One approach we have seen is to deploy tooling that will report cloud costs, review outputs regularly (once a month to once a week), and implement changes based on these reports.
To implement this correctly, we must rely on something other than manual processes; we cannot hope that people will remember to tag their resources correctly or that we will be able to pre-empt our utilisation for the next 12 months accurately.
The cloud moves quickly and people simply can’t keep up; from start-ups to enterprise estates, things scale and change way faster than we can predict or act, which is why FinOps needs to form part of the delivery process, just as much as security.
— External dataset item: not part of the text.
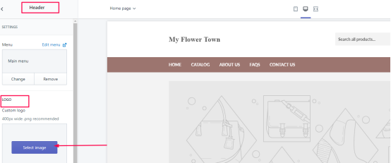 在店铺页面的“Header”里面可以上传logo,修改“通告栏(ANNOUNCEMENT BAR)”的内容。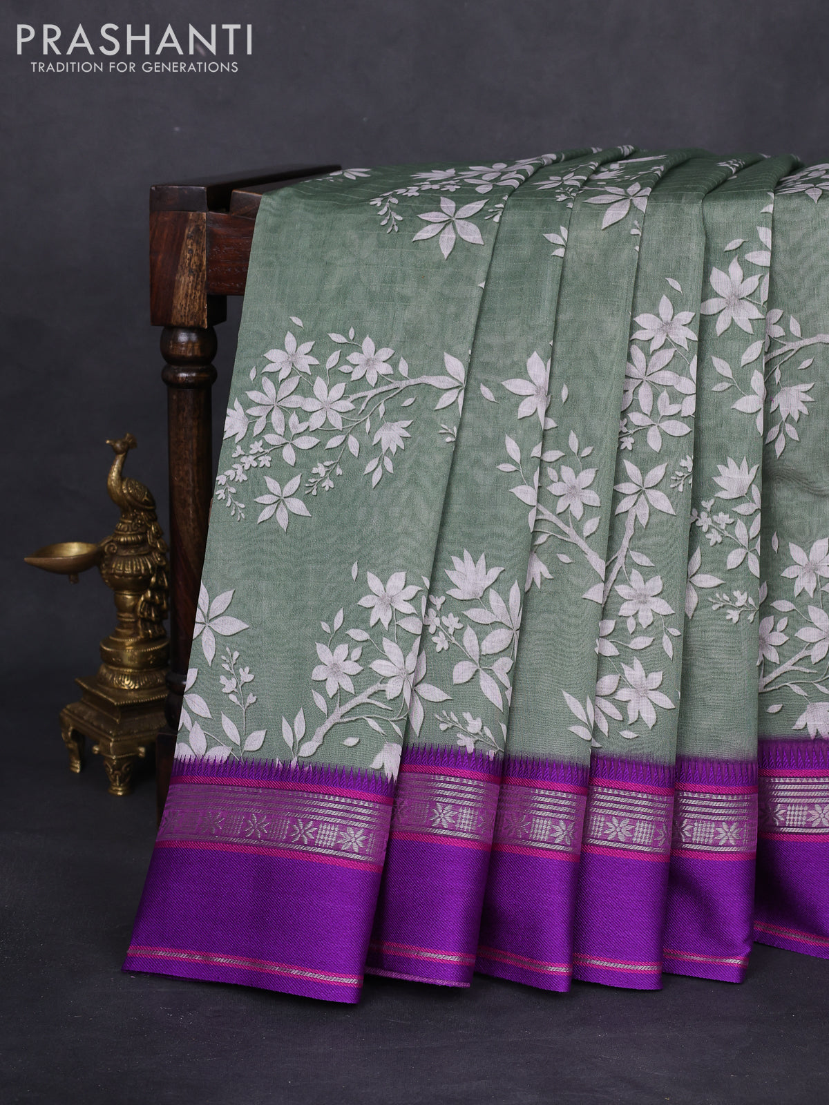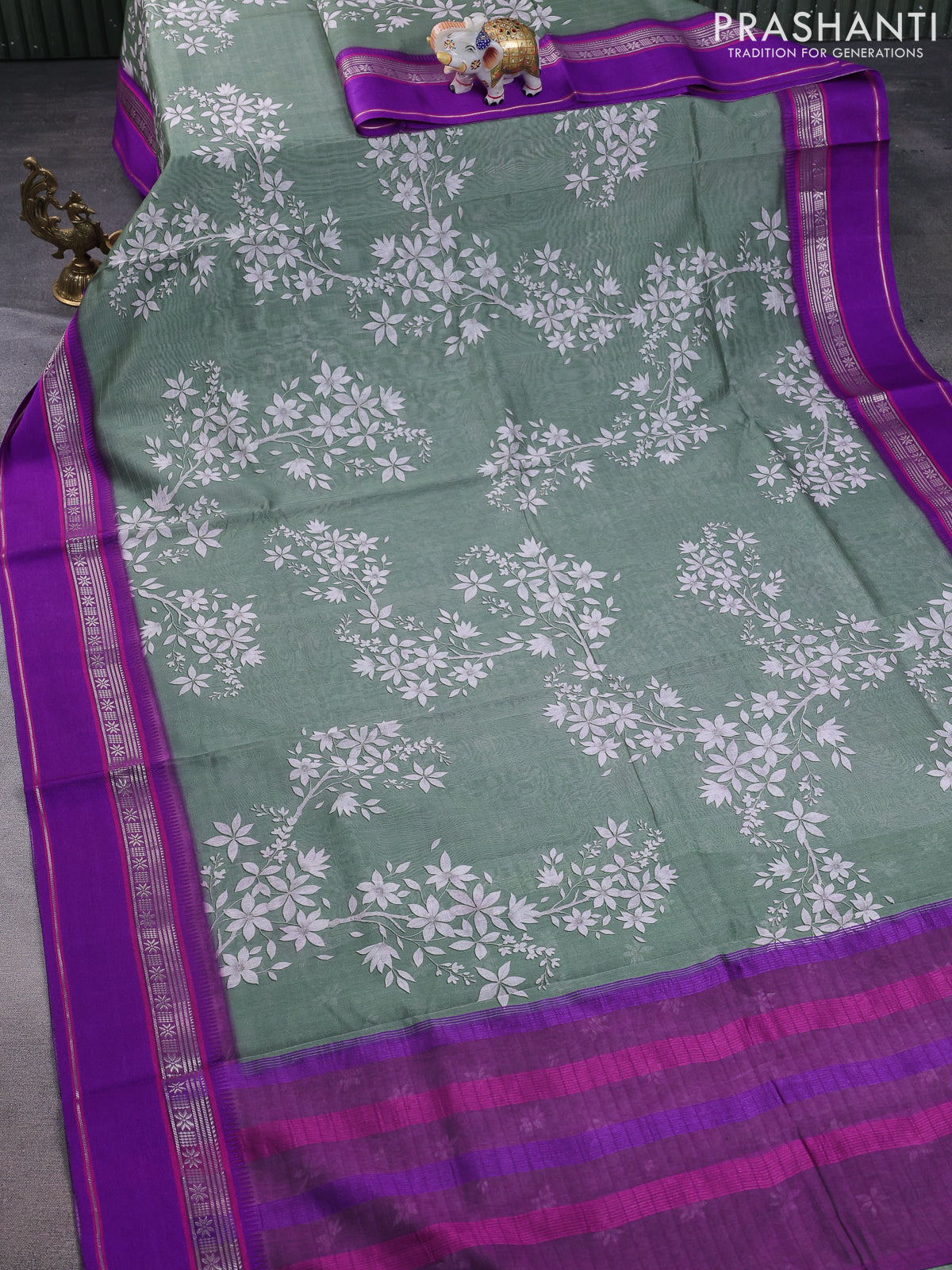 Maheshwari silk cotton saree pastel green and purple with allover digital prints and rettapet thread woven border

Modern organisations automate their security. CSPs have made this fairly simple by providing tools to assist in doing so, and the same is true for FinOps. Adding automated cost management into software and infrastructure pipelines shifts FinOps left, minimising engineering impact and reducing cognitive load.
Automation will also help keep up with the cloud. For example, if a cheaper EC2 instance is added, you want the tool to tell you about that and not have to rely on someone being up to date with every cloud change.
When discussing spending, you might think about compute resources, but we often forget that everything you do in the cloud has a cost, from bandwidth to API calls to virtual entities like secrets. Then there are factors you cannot control with the weekly review — how often have we seen messages online like "Because of X, I've received a huge cloud bill that’s much larger than I expected"?
Sometimes your cloud provider will help you and offer a discount, but that's not always the case. Again, this is when automation can help you. You can and should configure your cloud to send alerts when your bill exceeds a fixed limit, but even that should not be a one-off.
You might think FinOps is just about monitoring your production environment and applying corrective actions. But what if we tell you that FinOps should start as close as possible to your development environment?
We’ll give you one example. Imagine a developer changing a line of code and triggering double the cloud API calls for the same action. This might not seem like a big deal, but if we allow that change into production where that API is triggered hundreds of thousands of times 'on Friday' to generate weekly reports then… I suppose you get our point!
What you want in general is the shortest possible feedback loop between your cloud environment and your engineering team. Having something as simple as an alert saying, "You just doubled your cost for this test case" might have saved you from this incident.
Apply weights to your test cases measuring the cost impact of the same API call in production, and you have an excellent preemptive system at your disposal.
In the same way that you monitor your system for critical metrics (e.g. latency) and have your engineering team exposed to them, so they can spot changes right after deployments, you want your team exposed to FinOps metrics continuously. And you must allow them to respond appropriately when code/infra changes trigger unexpected events.